(Data supplied)

══════════

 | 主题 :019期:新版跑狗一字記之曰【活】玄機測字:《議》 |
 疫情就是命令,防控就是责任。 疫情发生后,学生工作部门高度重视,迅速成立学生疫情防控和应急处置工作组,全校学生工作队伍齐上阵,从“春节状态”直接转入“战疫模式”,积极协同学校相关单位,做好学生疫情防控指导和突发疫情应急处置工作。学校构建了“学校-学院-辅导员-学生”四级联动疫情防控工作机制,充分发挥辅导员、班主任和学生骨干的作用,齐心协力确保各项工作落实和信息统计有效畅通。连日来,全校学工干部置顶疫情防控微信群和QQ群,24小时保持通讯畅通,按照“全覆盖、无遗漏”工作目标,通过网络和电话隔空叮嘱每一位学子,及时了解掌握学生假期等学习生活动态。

══════════

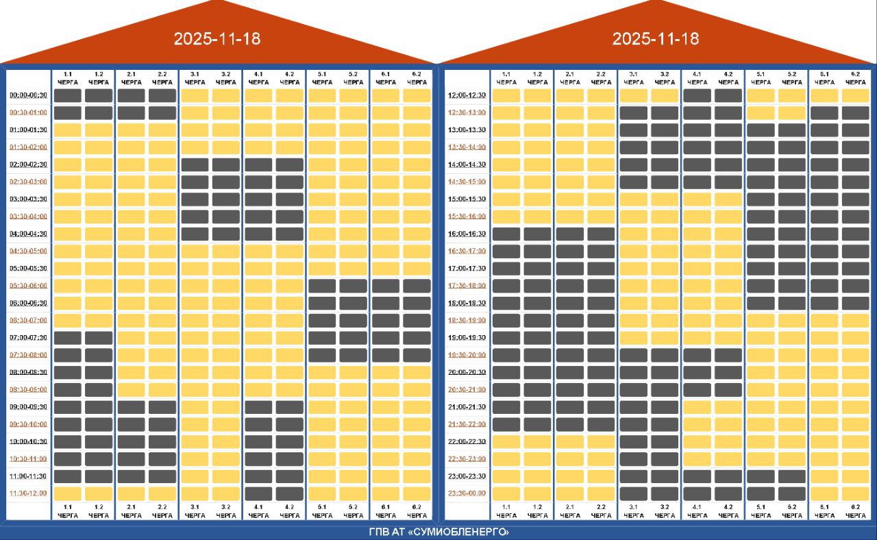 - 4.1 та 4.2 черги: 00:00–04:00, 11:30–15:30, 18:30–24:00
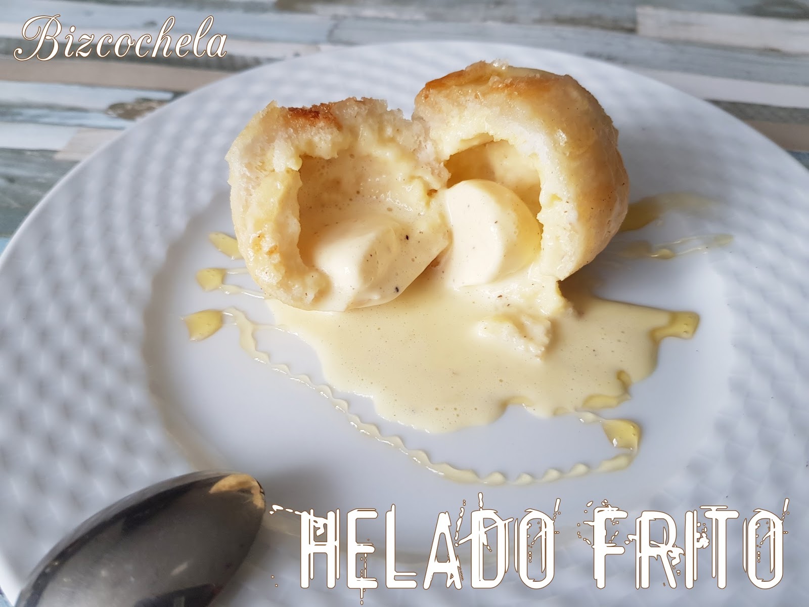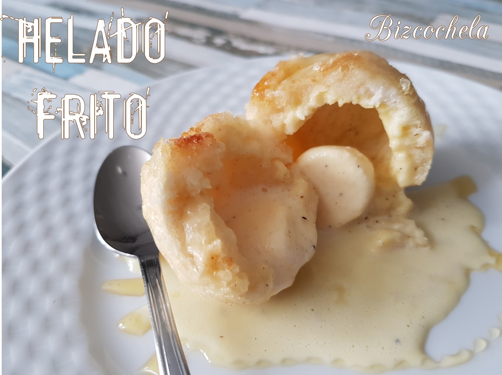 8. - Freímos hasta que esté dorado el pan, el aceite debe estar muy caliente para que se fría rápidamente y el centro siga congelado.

══════════

(What the task requires) With the first line being the one containing "主题 :019期:新版跑狗一字記之曰【活】玄機測字:《議》 |" and the last line the one containing "疫情就是命令,防控就是责任。", transcribe exactly the lines above that fall in that range.

(Exercise answer)
 | 主题 :019期:新版跑狗一字記之曰【活】玄機測字:《議》 |
 疫情就是命令,防控就是责任。 疫情发生后,学生工作部门高度重视,迅速成立学生疫情防控和应急处置工作组,全校学生工作队伍齐上阵,从“春节状态”直接转入“战疫模式”,积极协同学校相关单位,做好学生疫情防控指导和突发疫情应急处置工作。学校构建了“学校-学院-辅导员-学生”四级联动疫情防控工作机制,充分发挥辅导员、班主任和学生骨干的作用,齐心协力确保各项工作落实和信息统计有效畅通。连日来,全校学工干部置顶疫情防控微信群和QQ群,24小时保持通讯畅通,按照“全覆盖、无遗漏”工作目标,通过网络和电话隔空叮嘱每一位学子,及时了解掌握学生假期等学习生活动态。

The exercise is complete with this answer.